+++ Exercise materials +++
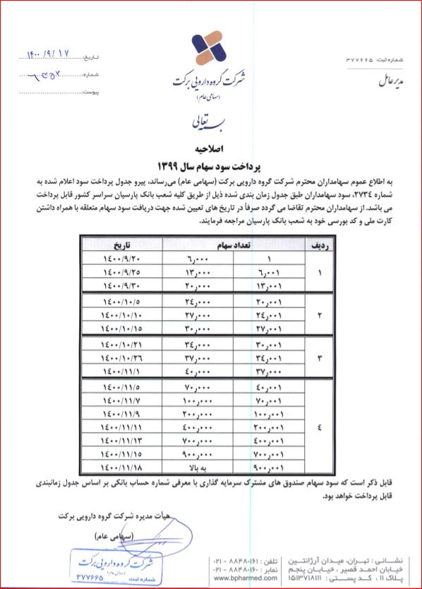 با توجه به انتشار نامه ای توسط شرکت سرمایه گذاری برکت مبنی بر زمانبندی پرداخت سود سهام به سهمداران شرکت، سود کلیه سهامداران شرکت دارویی برکت با توجه به میزان دارایی(طبق تصویر پیوست) از 20 آذر 1400 با مراجعه به کلیه شعب بانک پارسیان قابل دریافت است.
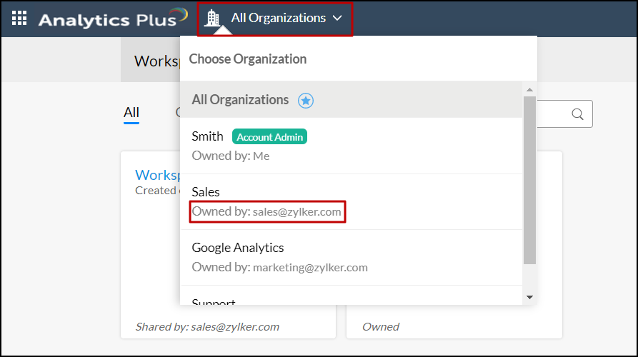 To access all the workspaces of the organization you own and are a part of, click the All Organizations option.
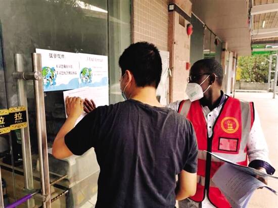 ■在战疫期间,天园街内的外籍人士做志愿者服务社区。 |
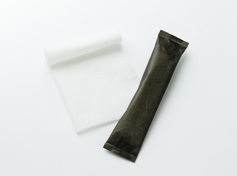 紙おしぼりの「安っぽさ」を払拭し、布おしぼりと同等の高級感を演出。コットンみたいなフンワリ感が、お肌に優しいおしぼりです。
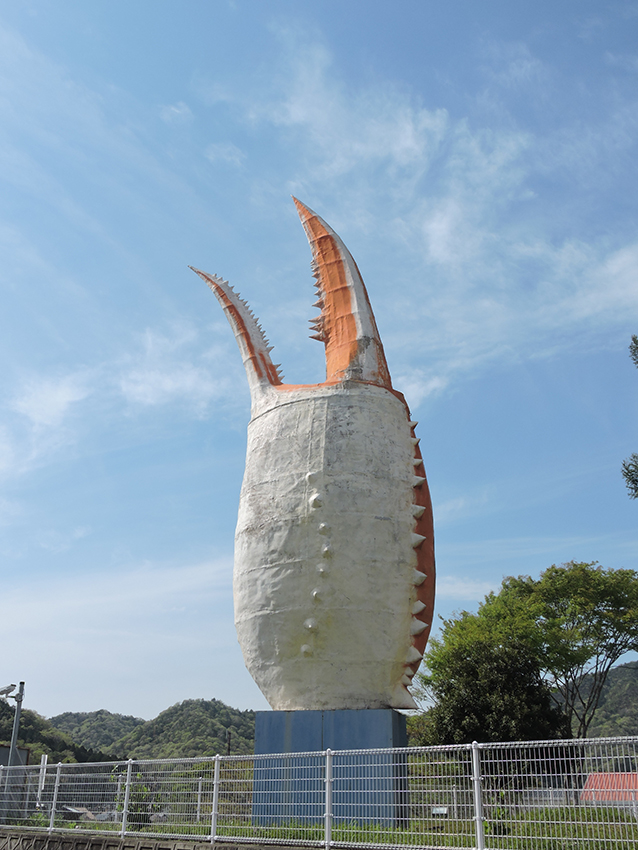 清水橋停留所から、野花が咲き誇る夢前川沿いをてくてく歩いていくこと約15分、ヤマサ蒲鉾工場のオブジェ、カニの爪がお出迎えです。
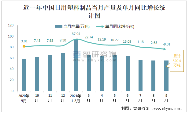 根據國家統計局數據顯示:2021年9月中國日用塑料制品產量為56.1萬噸,同比下降9.01%;2021年1-9月中國日用塑料制品累計產量為520.4萬噸,同比增長14.44%;2015-2020年中國日用塑料制品產量2018年跌至最低,此后逐年遞增。
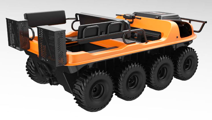 采用 8×8 輪式底盤,水陸兩棲,可全地形行駛。
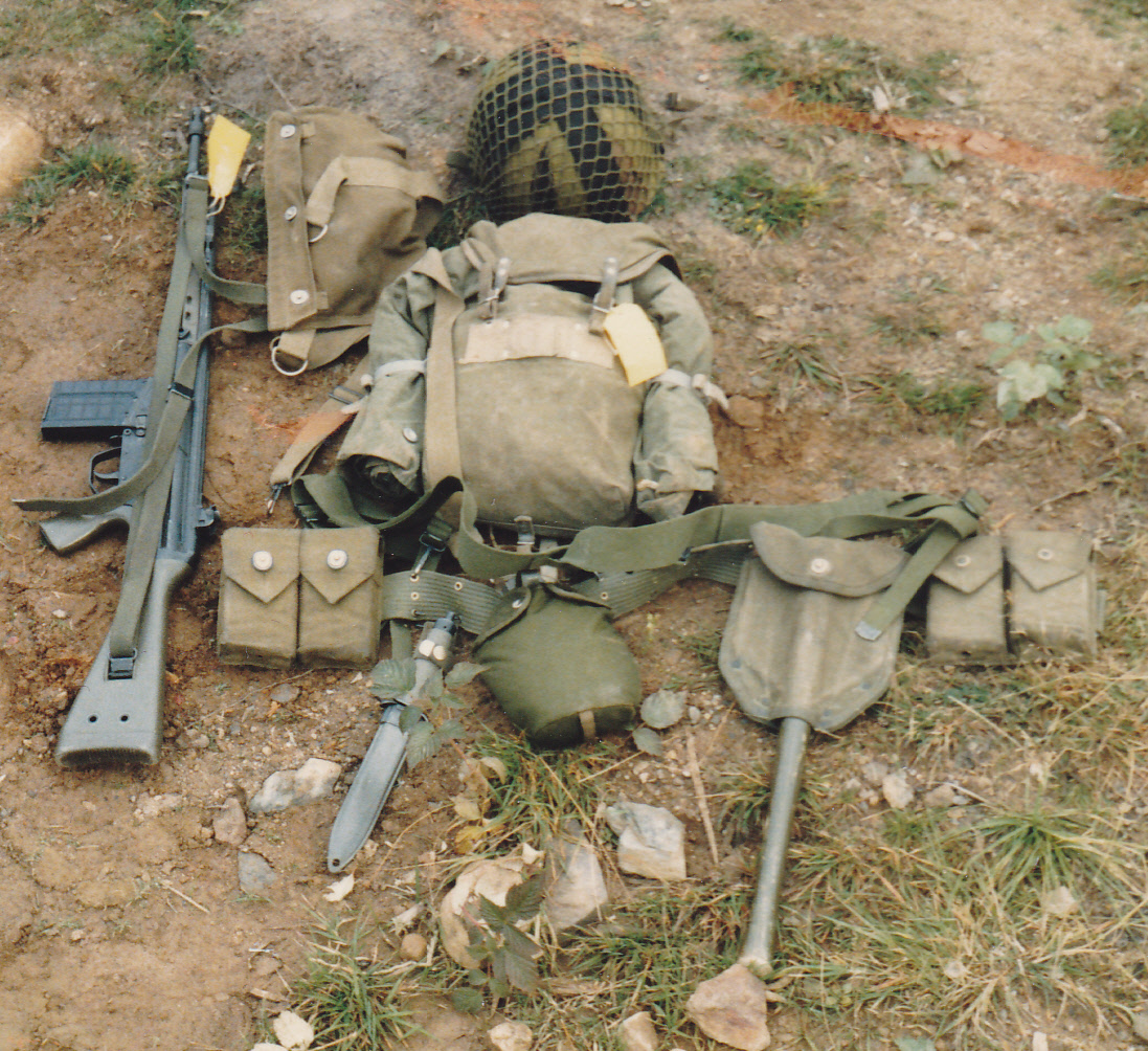 Dette bildet viser stridsutrustningen for en infanterist på 1970- og 1980-tallet: AG3, stridsbelte montert av pistolbelte og kryssremmer med bajonett, feltflaske, feltspade og magasintasker for 80 skudd, vernemaske og stridssekk med teltduk, 2 teltstenger, 3 teltplugger, 5-metersnøre, 1 enkeltmannspakning, vannrensesett enmanns, pussesett for våpen, kokekar, spisebestikk, RSP-boks og 1 par tykke ullsok...
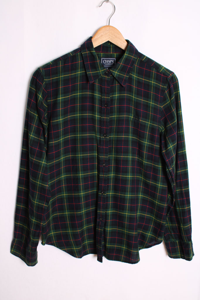 Camisa de la marca Chaps con estampado de cuadros en tonos verde, amarillo, rojo…
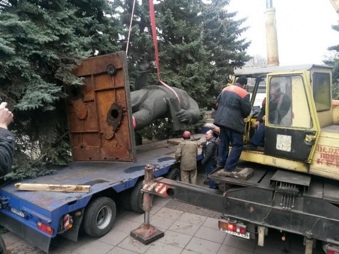 Монумент був знесений з постаменту разом з плитою, на якій стояв. Причому, як повідомляє кореспондент 0629, демонтаж проходив під потрійною охороною. До журналіста кілька разів підходили з питанням і цікавилися, що він робить на території комбінату.
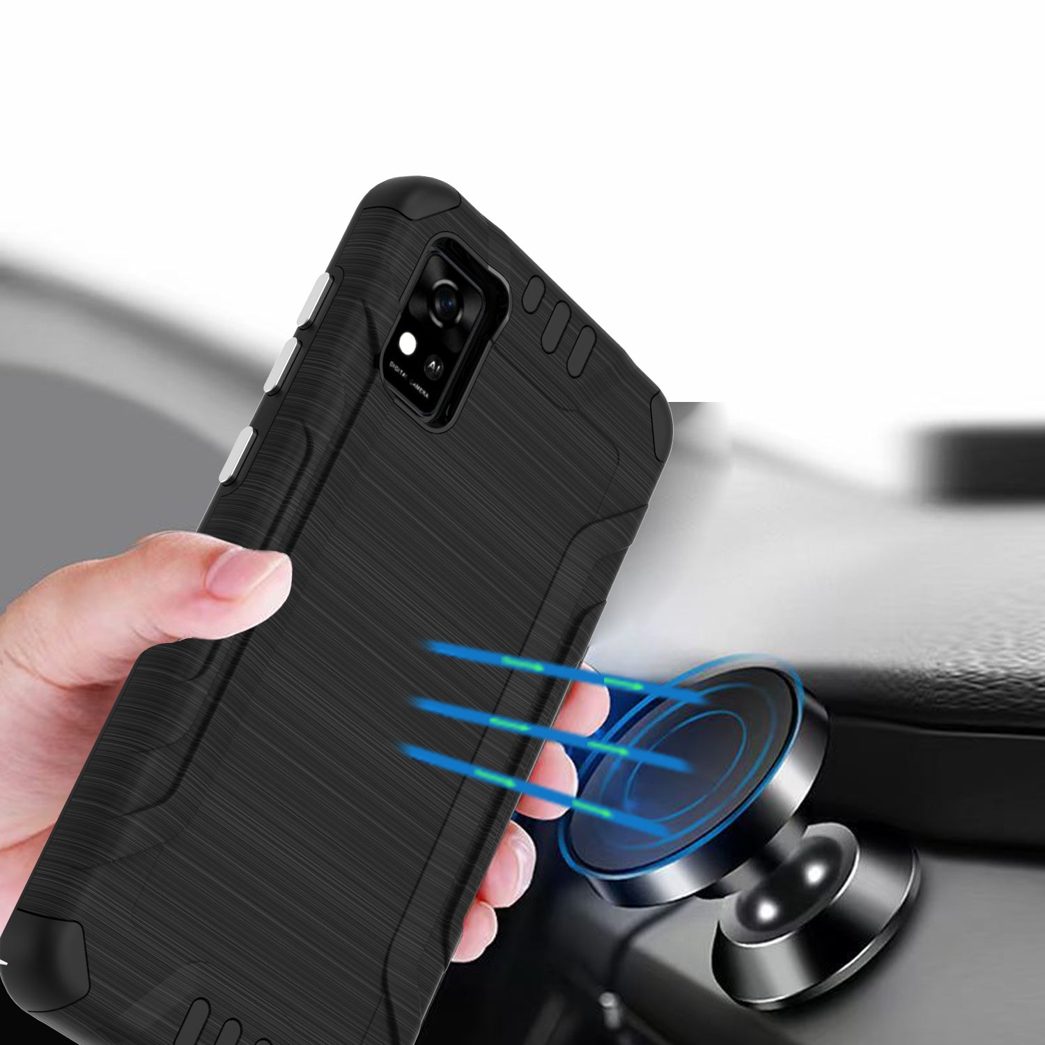 For ZTE Z589, Z5158 Hybrid Dual Layer Slim Defender Armor Tuff Metallic Brush Texture Finishing Shockproof Hard PC + Soft TPU Rubber Phone Case Cover
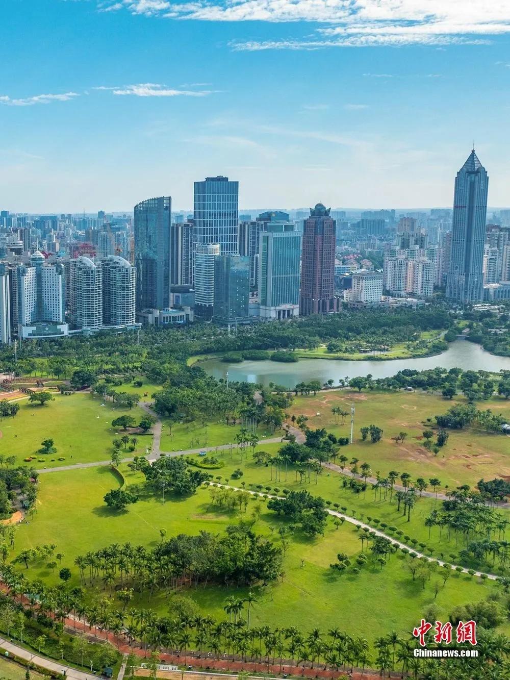 2025年11月21日,海南省海口市滨海大道楼宇和万绿园。骆云飞 摄 海南岛北部的海口湾 “椰风海韵,湾城融通” 湾内坐落着“城市绿肺”万绿园 草木葱茏、鸟语花香 假日海滩、西秀海滩依海相连 椰林婆娑,滩白沙净
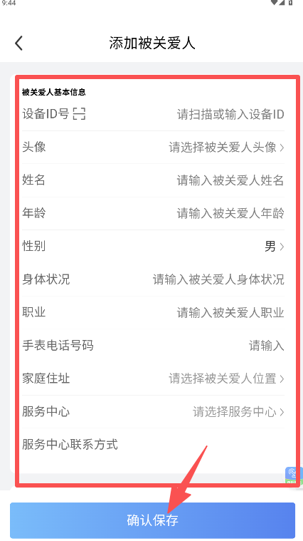 3、在信息填写页完善被关爱人的基本资料与设备信息,最后点击“确认保存”完成添加。
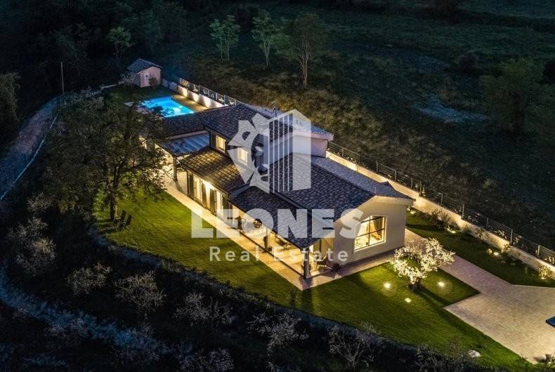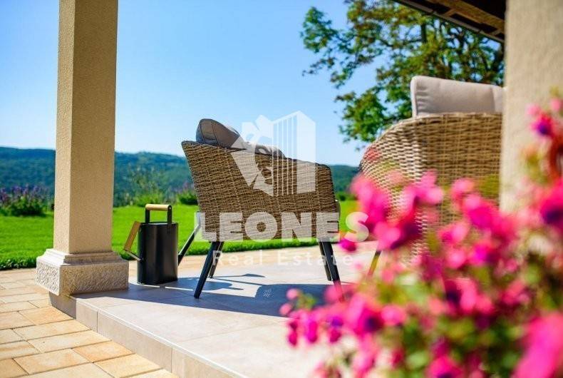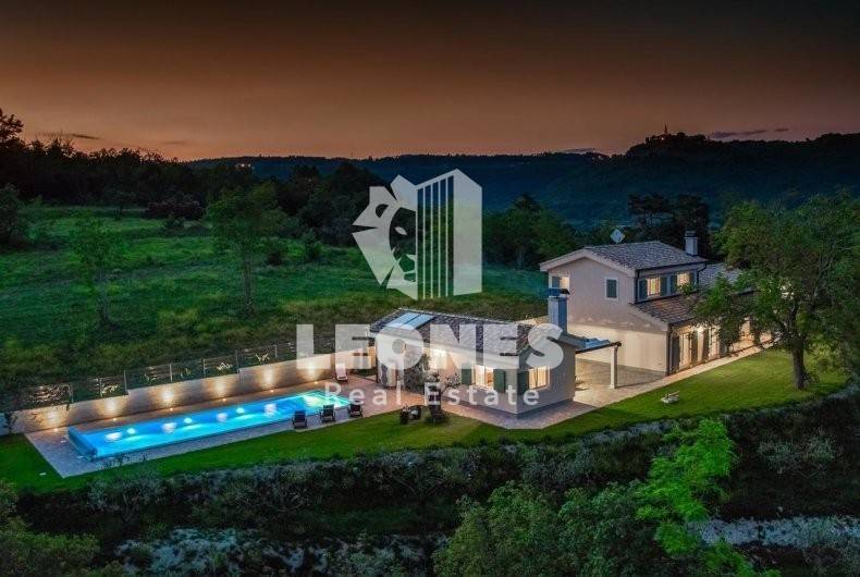 A beautiful luxury villa for sale in the surroundings of Grožnjan with an open view of Motovun and Grožnjan. The villa was built in 2018. with top quality materials and is equipped accordingly.
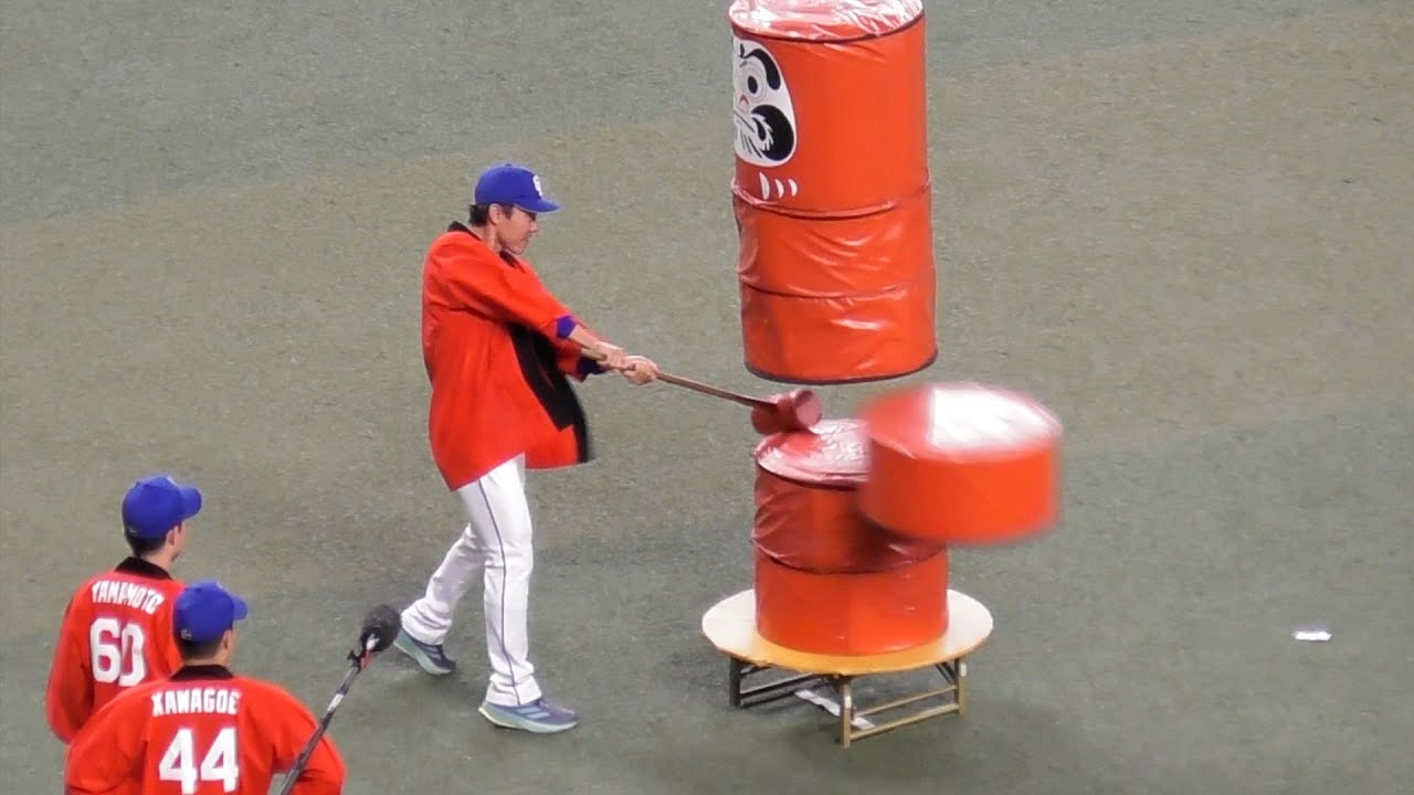 だるま落としもさすがプロ大島洋平 顔がだるまに似ている川越誠司 慶應魂ニコニコの山本泰寛 巨大だるま落とし対決 野手チーム 中日ドラゴンズファンフェスタ 2025/11/22
+++
Each line from the beginning of the entries up to and including the one containing "Camisa de la" must be restated exactly. Pictures are to be left out.

 با توجه به انتشار نامه ای توسط شرکت سرمایه گذاری برکت مبنی بر زمانبندی پرداخت سود سهام به سهمداران شرکت، سود کلیه سهامداران شرکت دارویی برکت با توجه به میزان دارایی(طبق تصویر پیوست) از 20 آذر 1400 با مراجعه به کلیه شعب بانک پارسیان قابل دریافت است.
 To access all the workspaces of the organization you own and are a part of, click the All Organizations option.
 ■在战疫期间,天园街内的外籍人士做志愿者服务社区。 |
 紙おしぼりの「安っぽさ」を払拭し、布おしぼりと同等の高級感を演出。コットンみたいなフンワリ感が、お肌に優しいおしぼりです。
 清水橋停留所から、野花が咲き誇る夢前川沿いをてくてく歩いていくこと約15分、ヤマサ蒲鉾工場のオブジェ、カニの爪がお出迎えです。
 根據國家統計局數據顯示:2021年9月中國日用塑料制品產量為56.1萬噸,同比下降9.01%;2021年1-9月中國日用塑料制品累計產量為520.4萬噸,同比增長14.44%;2015-2020年中國日用塑料制品產量2018年跌至最低,此后逐年遞增。
 采用 8×8 輪式底盤,水陸兩棲,可全地形行駛。
 Dette bildet viser stridsutrustningen for en infanterist på 1970- og 1980-tallet: AG3, stridsbelte montert av pistolbelte og kryssremmer med bajonett, feltflaske, feltspade og magasintasker for 80 skudd, vernemaske og stridssekk med teltduk, 2 teltstenger, 3 teltplugger, 5-metersnøre, 1 enkeltmannspakning, vannrensesett enmanns, pussesett for våpen, kokekar, spisebestikk, RSP-boks og 1 par tykke ullsok...
 Camisa de la marca Chaps con estampado de cuadros en tonos verde, amarillo, rojo…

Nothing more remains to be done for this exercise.